• **INSTRUCTIONS TO FOLLOW**: Write out exactly the lines from the one that contains "επόμενο αντικείμενο απευθείας." down to the last line of the material below, keeping both ends and omitting pictures.

· · · ·

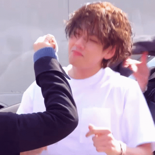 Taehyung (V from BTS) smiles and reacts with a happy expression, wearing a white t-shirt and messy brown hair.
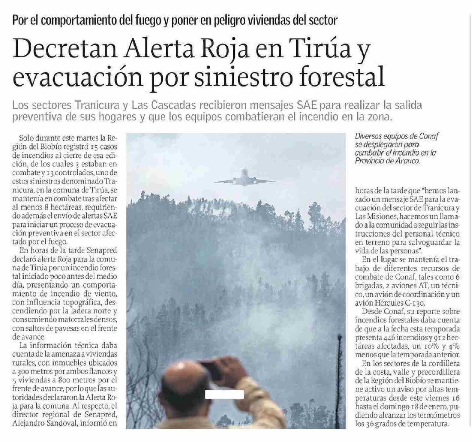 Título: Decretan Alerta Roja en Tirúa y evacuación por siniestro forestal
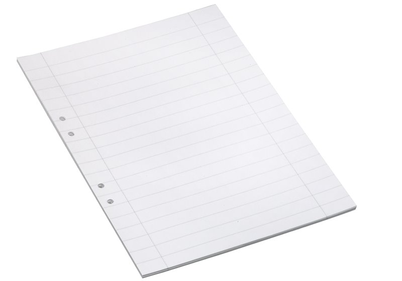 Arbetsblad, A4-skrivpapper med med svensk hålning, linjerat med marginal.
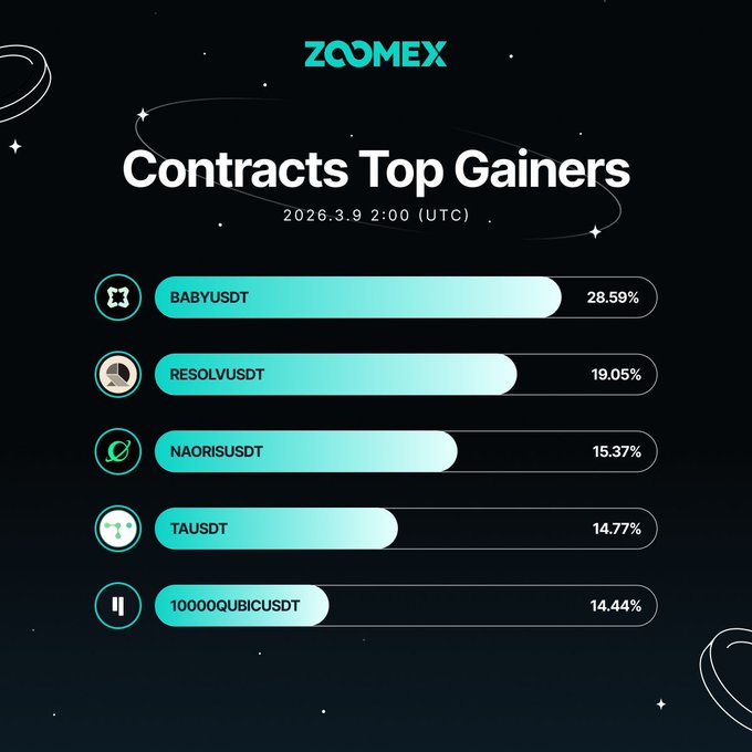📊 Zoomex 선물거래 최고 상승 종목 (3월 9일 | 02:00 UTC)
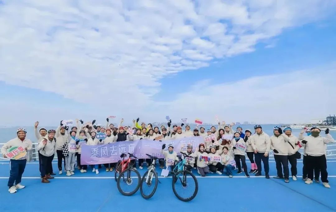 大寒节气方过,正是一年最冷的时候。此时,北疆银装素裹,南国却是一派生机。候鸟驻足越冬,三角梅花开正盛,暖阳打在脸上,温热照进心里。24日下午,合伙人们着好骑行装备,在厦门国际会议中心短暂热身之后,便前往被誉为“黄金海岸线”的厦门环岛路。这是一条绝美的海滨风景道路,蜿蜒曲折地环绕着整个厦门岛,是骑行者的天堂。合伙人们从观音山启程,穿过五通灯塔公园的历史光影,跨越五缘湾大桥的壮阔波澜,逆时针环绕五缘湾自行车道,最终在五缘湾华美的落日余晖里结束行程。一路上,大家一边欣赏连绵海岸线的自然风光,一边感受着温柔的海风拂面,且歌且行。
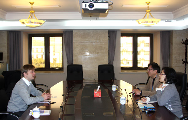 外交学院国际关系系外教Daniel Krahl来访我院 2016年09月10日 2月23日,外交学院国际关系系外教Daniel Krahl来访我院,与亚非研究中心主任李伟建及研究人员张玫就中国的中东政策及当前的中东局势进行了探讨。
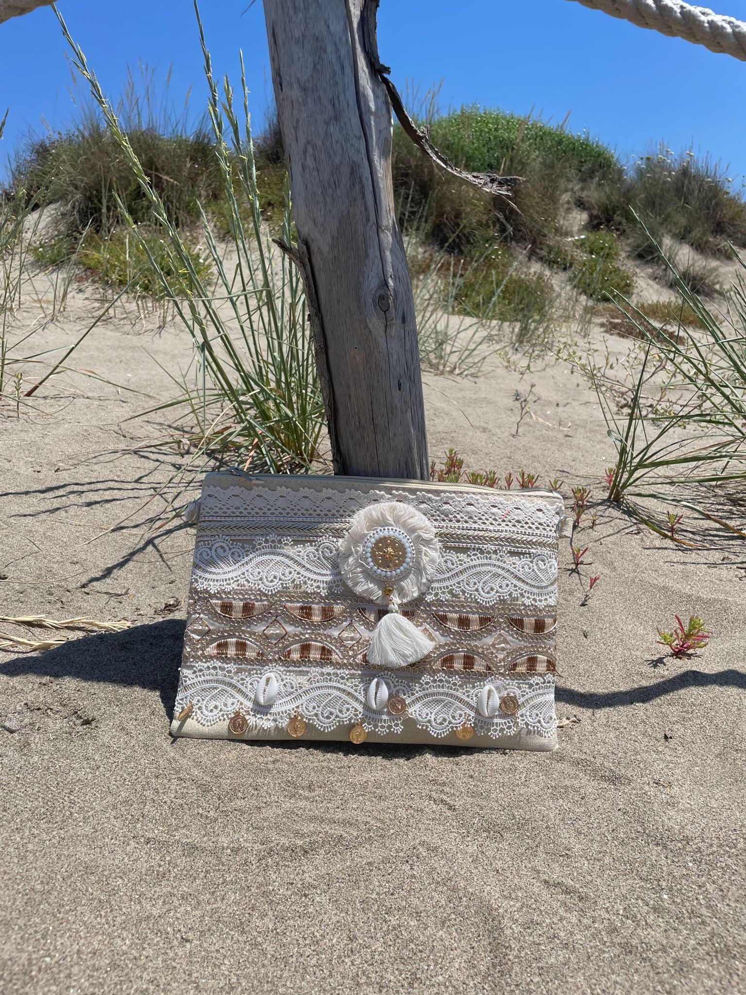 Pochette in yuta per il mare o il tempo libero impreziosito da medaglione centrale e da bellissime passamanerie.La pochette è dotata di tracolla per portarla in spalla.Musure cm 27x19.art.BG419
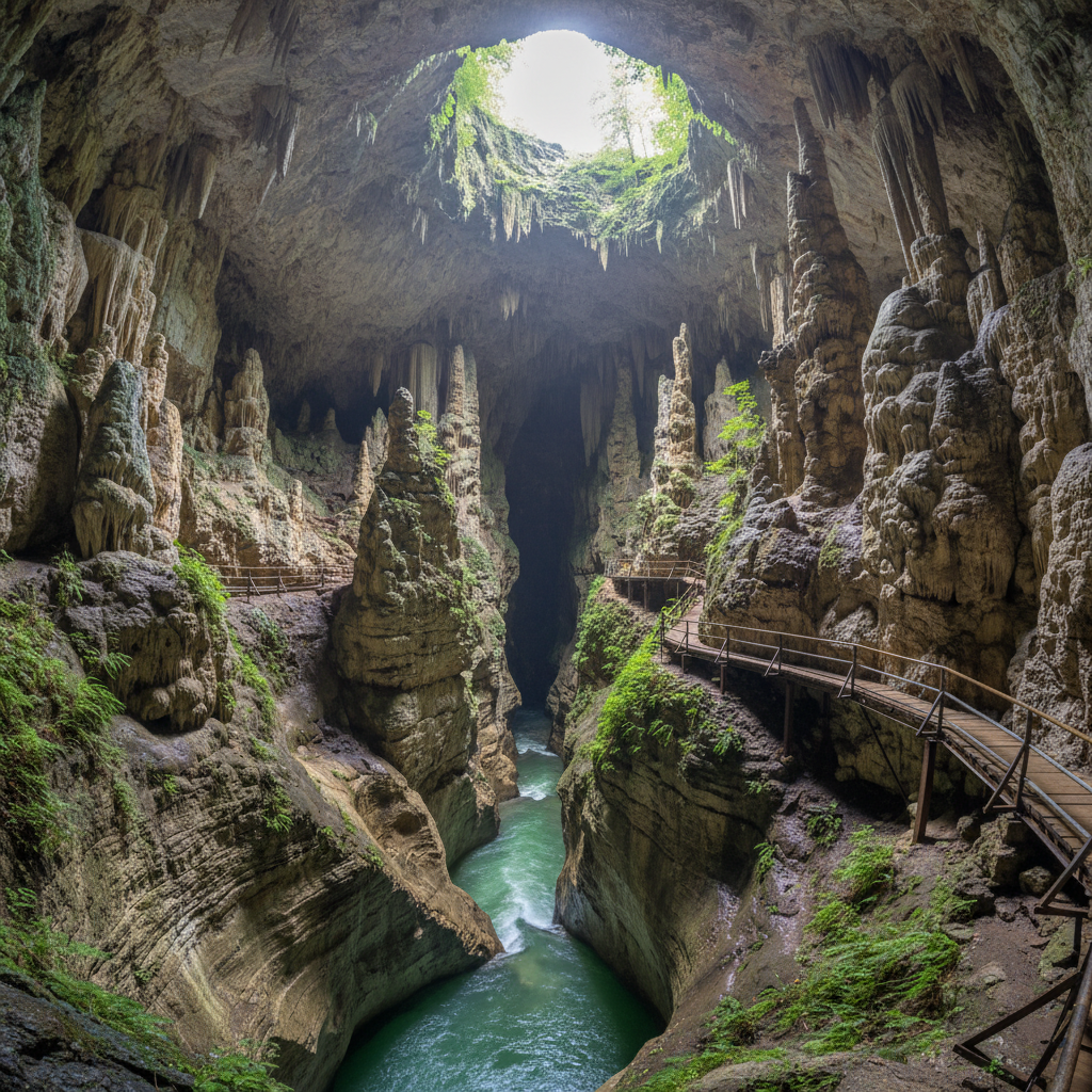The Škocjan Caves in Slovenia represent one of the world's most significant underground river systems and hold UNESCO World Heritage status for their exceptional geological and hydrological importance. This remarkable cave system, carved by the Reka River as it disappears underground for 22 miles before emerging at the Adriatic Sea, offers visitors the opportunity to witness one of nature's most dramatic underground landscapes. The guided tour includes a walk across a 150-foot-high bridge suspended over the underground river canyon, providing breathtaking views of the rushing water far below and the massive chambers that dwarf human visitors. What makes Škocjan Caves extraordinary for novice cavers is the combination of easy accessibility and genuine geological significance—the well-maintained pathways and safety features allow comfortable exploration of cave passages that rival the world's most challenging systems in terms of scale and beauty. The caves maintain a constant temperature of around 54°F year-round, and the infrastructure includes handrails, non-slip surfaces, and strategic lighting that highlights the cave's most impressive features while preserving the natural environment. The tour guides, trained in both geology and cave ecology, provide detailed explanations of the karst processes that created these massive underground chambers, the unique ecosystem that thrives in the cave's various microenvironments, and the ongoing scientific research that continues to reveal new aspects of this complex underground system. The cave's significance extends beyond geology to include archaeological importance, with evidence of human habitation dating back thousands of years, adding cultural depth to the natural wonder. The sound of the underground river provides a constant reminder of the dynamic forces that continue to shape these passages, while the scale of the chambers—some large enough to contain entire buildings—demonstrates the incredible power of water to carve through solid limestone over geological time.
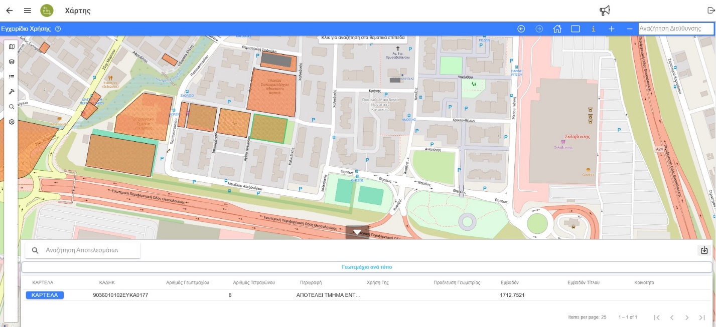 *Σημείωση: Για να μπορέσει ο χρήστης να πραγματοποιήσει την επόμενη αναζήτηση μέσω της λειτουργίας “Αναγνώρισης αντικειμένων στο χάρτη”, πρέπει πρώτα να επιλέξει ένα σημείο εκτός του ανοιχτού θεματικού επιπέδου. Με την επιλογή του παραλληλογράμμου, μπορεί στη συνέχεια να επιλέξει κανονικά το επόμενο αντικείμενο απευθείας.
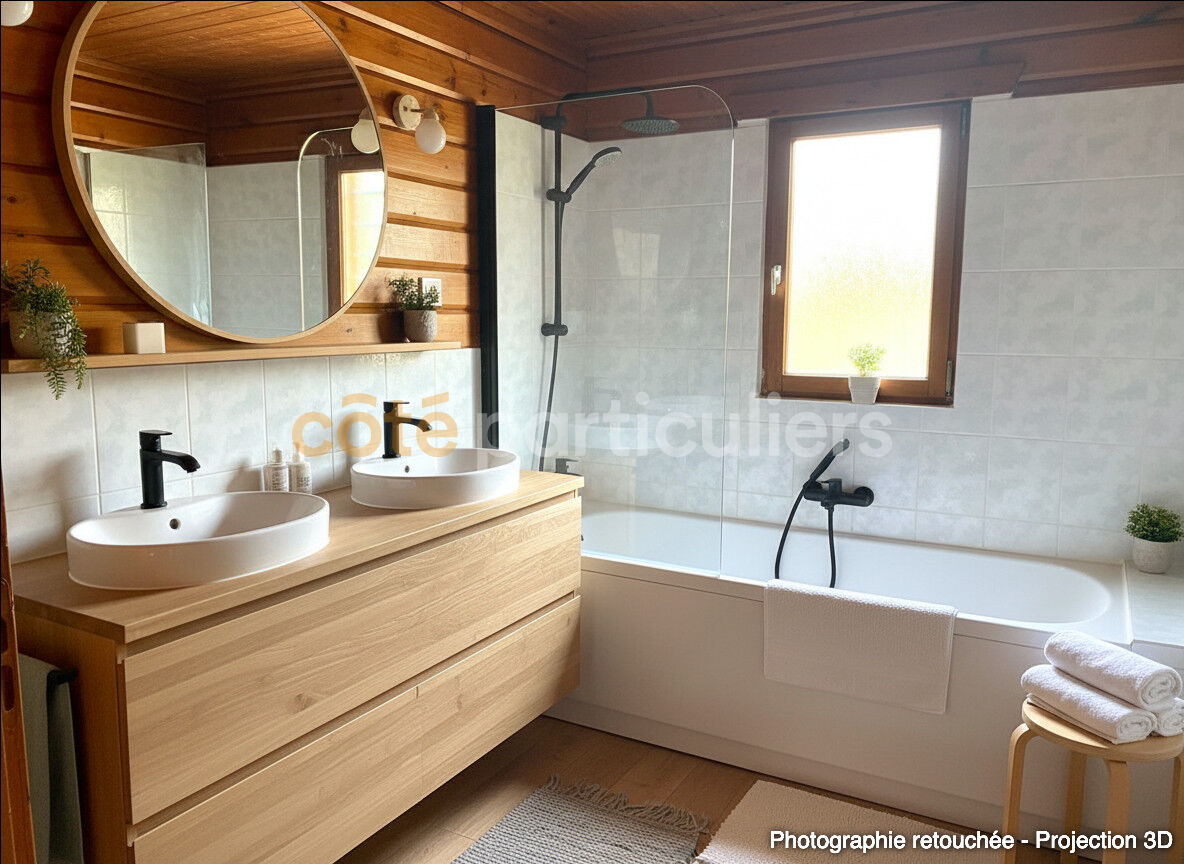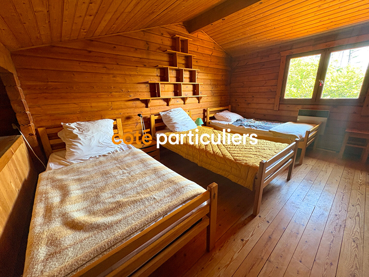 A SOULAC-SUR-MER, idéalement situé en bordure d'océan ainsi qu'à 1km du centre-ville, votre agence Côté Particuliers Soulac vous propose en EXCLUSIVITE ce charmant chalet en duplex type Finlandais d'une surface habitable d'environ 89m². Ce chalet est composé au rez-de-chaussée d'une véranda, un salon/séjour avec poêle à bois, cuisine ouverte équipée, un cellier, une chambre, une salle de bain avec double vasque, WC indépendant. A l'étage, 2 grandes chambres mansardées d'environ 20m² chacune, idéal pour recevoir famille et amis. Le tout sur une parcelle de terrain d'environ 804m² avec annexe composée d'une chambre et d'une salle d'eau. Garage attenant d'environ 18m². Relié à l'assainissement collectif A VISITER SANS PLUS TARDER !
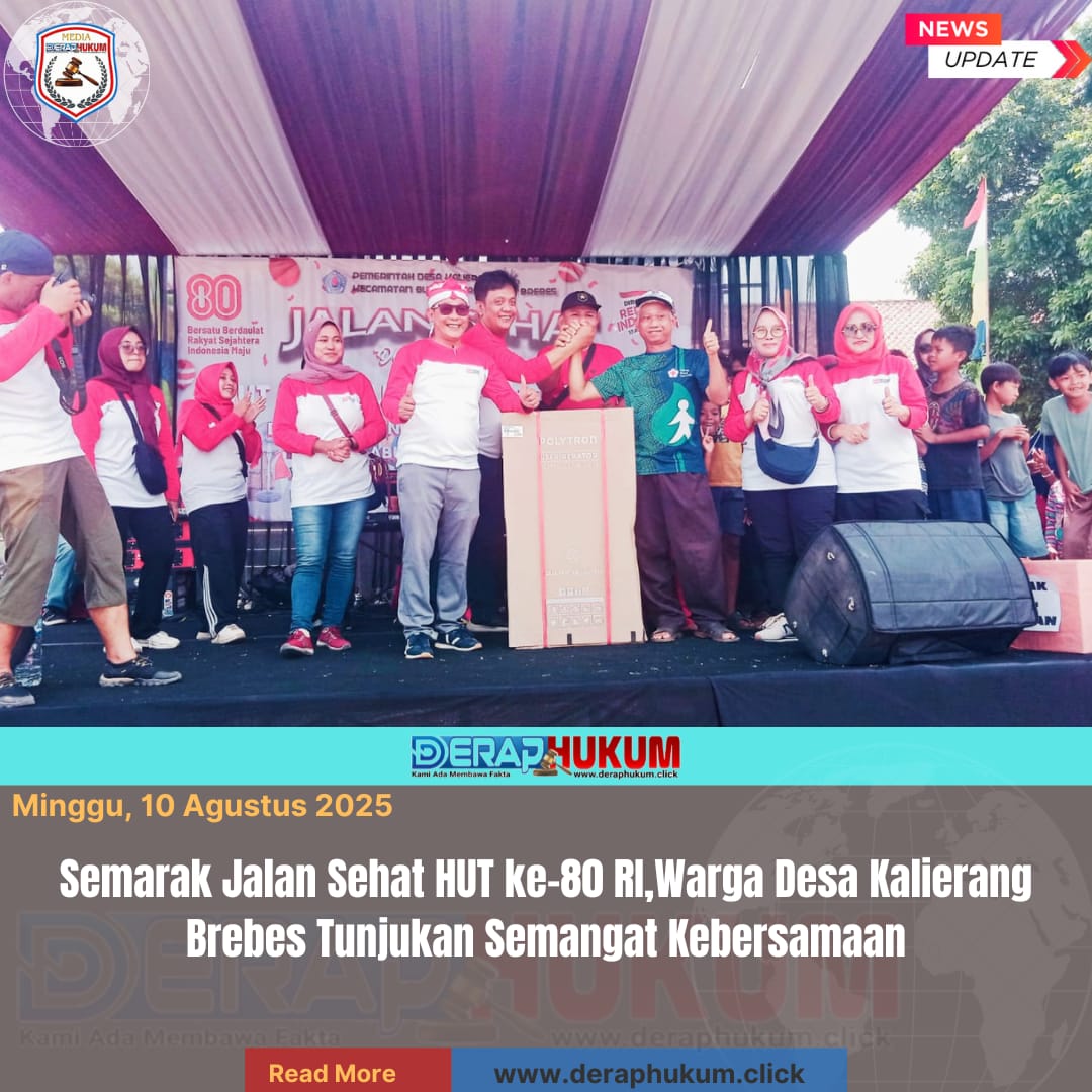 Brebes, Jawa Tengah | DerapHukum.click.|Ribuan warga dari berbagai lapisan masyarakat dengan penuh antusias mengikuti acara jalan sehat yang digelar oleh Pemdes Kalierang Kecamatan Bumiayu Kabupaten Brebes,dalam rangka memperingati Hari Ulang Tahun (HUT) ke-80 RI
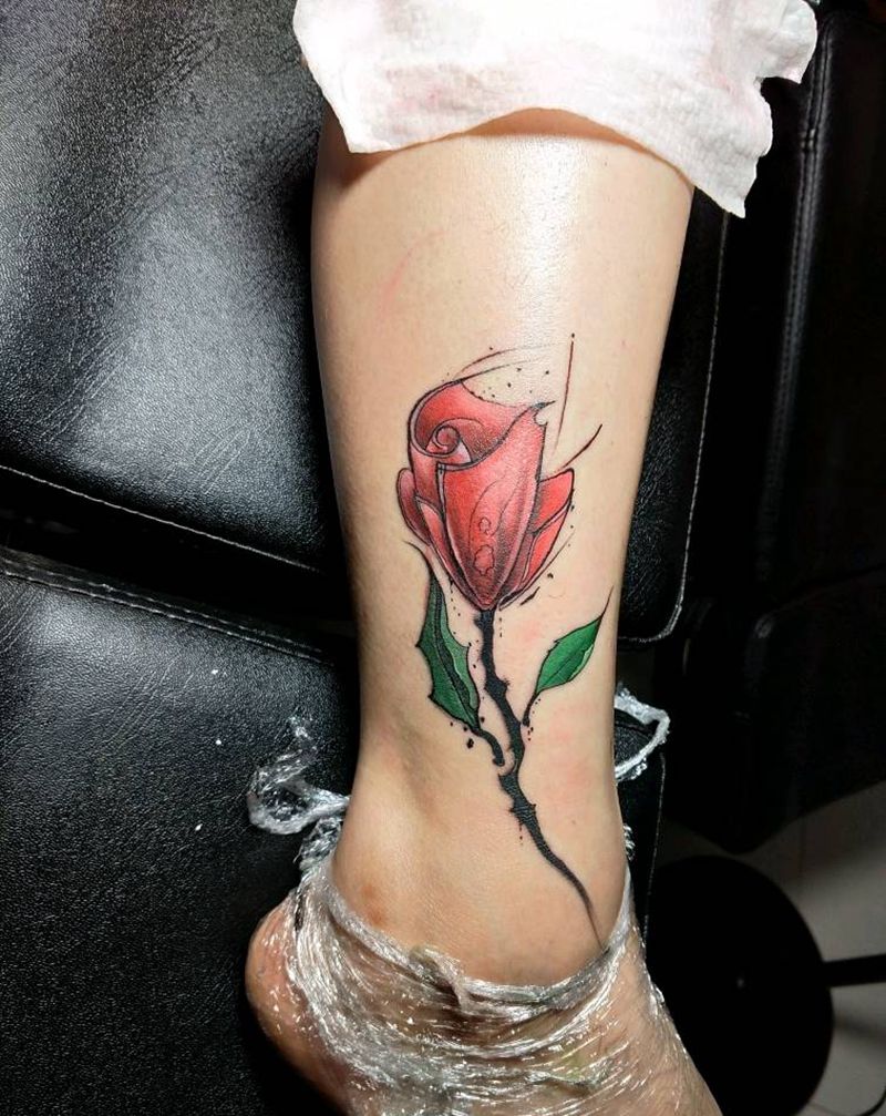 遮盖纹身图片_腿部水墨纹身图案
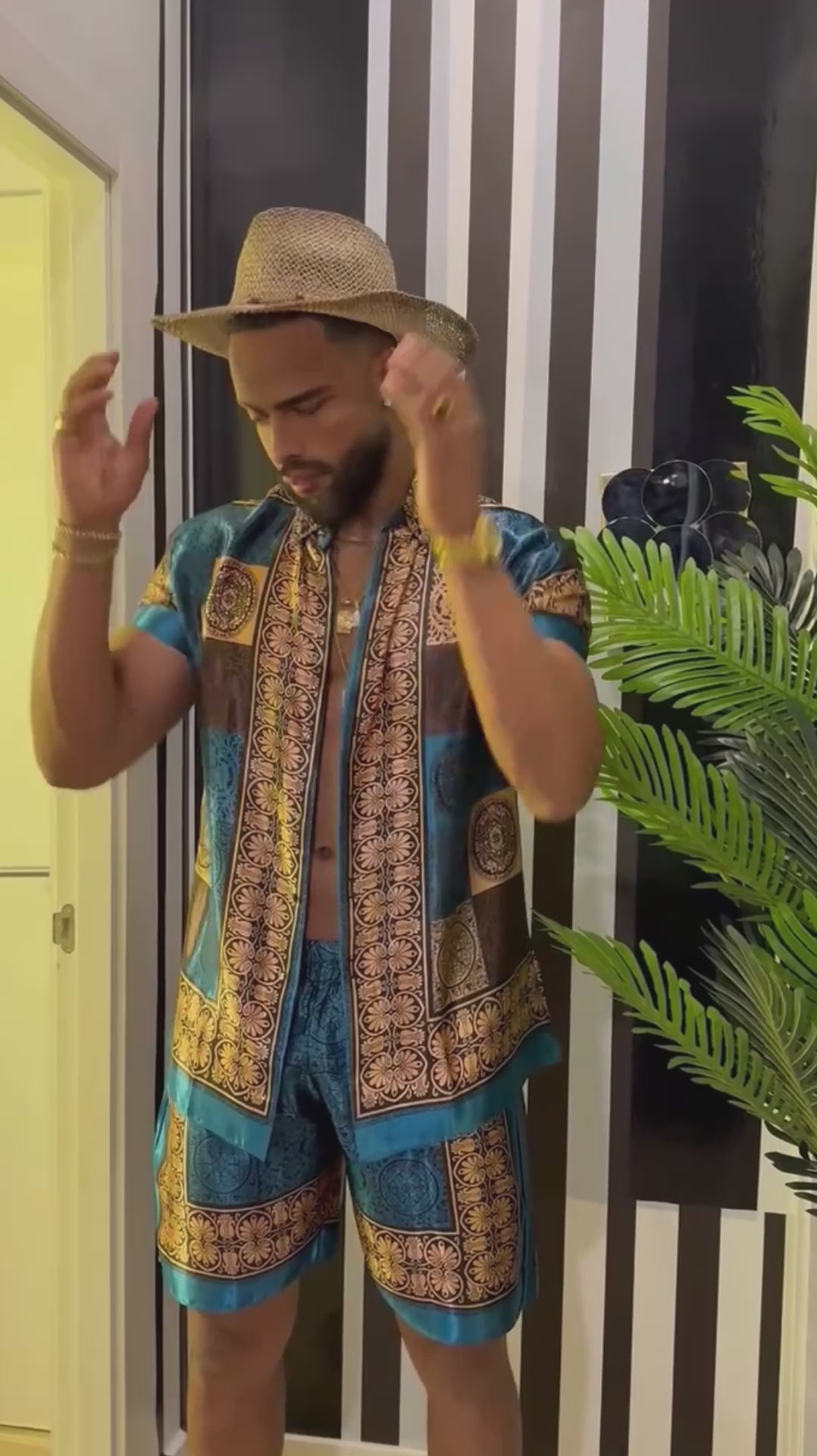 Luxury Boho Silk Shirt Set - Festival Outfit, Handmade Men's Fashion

· · · ·

• **SOLUTION**:
 *Σημείωση: Για να μπορέσει ο χρήστης να πραγματοποιήσει την επόμενη αναζήτηση μέσω της λειτουργίας “Αναγνώρισης αντικειμένων στο χάρτη”, πρέπει πρώτα να επιλέξει ένα σημείο εκτός του ανοιχτού θεματικού επιπέδου. Με την επιλογή του παραλληλογράμμου, μπορεί στη συνέχεια να επιλέξει κανονικά το επόμενο αντικείμενο απευθείας.
 A SOULAC-SUR-MER, idéalement situé en bordure d'océan ainsi qu'à 1km du centre-ville, votre agence Côté Particuliers Soulac vous propose en EXCLUSIVITE ce charmant chalet en duplex type Finlandais d'une surface habitable d'environ 89m². Ce chalet est composé au rez-de-chaussée d'une véranda, un salon/séjour avec poêle à bois, cuisine ouverte équipée, un cellier, une chambre, une salle de bain avec double vasque, WC indépendant. A l'étage, 2 grandes chambres mansardées d'environ 20m² chacune, idéal pour recevoir famille et amis. Le tout sur une parcelle de terrain d'environ 804m² avec annexe composée d'une chambre et d'une salle d'eau. Garage attenant d'environ 18m². Relié à l'assainissement collectif A VISITER SANS PLUS TARDER !
 Brebes, Jawa Tengah | DerapHukum.click.|Ribuan warga dari berbagai lapisan masyarakat dengan penuh antusias mengikuti acara jalan sehat yang digelar oleh Pemdes Kalierang Kecamatan Bumiayu Kabupaten Brebes,dalam rangka memperingati Hari Ulang Tahun (HUT) ke-80 RI
 遮盖纹身图片_腿部水墨纹身图案
 Luxury Boho Silk Shirt Set - Festival Outfit, Handmade Men's Fashion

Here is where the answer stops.